I know that I am a dork but it is SO nice to see that there are others out there like myself that can relate to this horrible ttc and 2ww! Like many of the messages I saw others write on here, I also have no one who really cares or wants to hear about my ttc.
I actually went out on a limb to talk to a co-worker who just recently had her first child thinking that she might have some advice for me or an example of any EARLY pregnancy symptoms that she may have had (BEFORE the missed period, LOL). Well, she was completely rude and basically just hurt my feelings by making fun of the 2ww site, saying that the women there were just basically pathetic and that it was WAY too OCD. Her "advice" was to not have a baby so soon(my husband and I just got married in June) and to "relax." When I told her about some really weird symptoms I've been having lately (like cramping and a really weird twingy/twitch/pulling in my uterus and extreme hot flashes and emotional breakdowns) she completely dismissed them (I only got ot tell her about the twitches) saying I was having "butterflies" and being overly sensitive. ...thanks
Anyways, that is my soap-box story for the day, except it got worse after that. My husband decides that he's going to tell his family that we are ttc and basically just blurted it out today infront of his entire family and several guests at a party tonight!!!! He felt terrible because he didn't realize that it was something that he was DEFINITELY not supposed to say and I was FURIOUS giving him a death stare and then bursting into tears
.(which is also not normal for me) Great.

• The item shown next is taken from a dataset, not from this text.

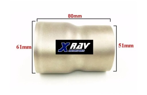 Redukcja służąca do podłączenia wydechów motocyklowych ze średnicą 51mm do motocykli ze średnicą zbliżoną do 61mm.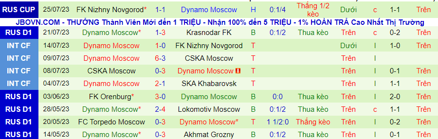 Thống kê 10 trận gần nhất của Dynamo Moscow

Also, I promised myself that I would not do a PT until Thursday or Saturday (AF should be here around Saturday) but I broke down and did one tonight because I have just been so weird lately! of course it was a
I'm just hoping that I'm not wrong this time because I have had so many strange symptoms and while I know that some things are probably just from hyper-sensitivity, there are other things that I am convinced I have not experienced before and can't MAKE happen. (such as the twing-ey/fluttering thing in the uterus, the ridiculous hot flashes, and non-stop TERRIBLE lower back pain!)
I am sorry to vent and bore you all to death with my woes but it just feels good to be able to talk about it because no one else can relate so thank you SO much for reading this! I will definitely be on here a lot to read your updates as well...especially since we are all going through the same thing and trying to test between wed & sat. I am really going to try hard not to test until Sat though even though it really feels like AF may be coming.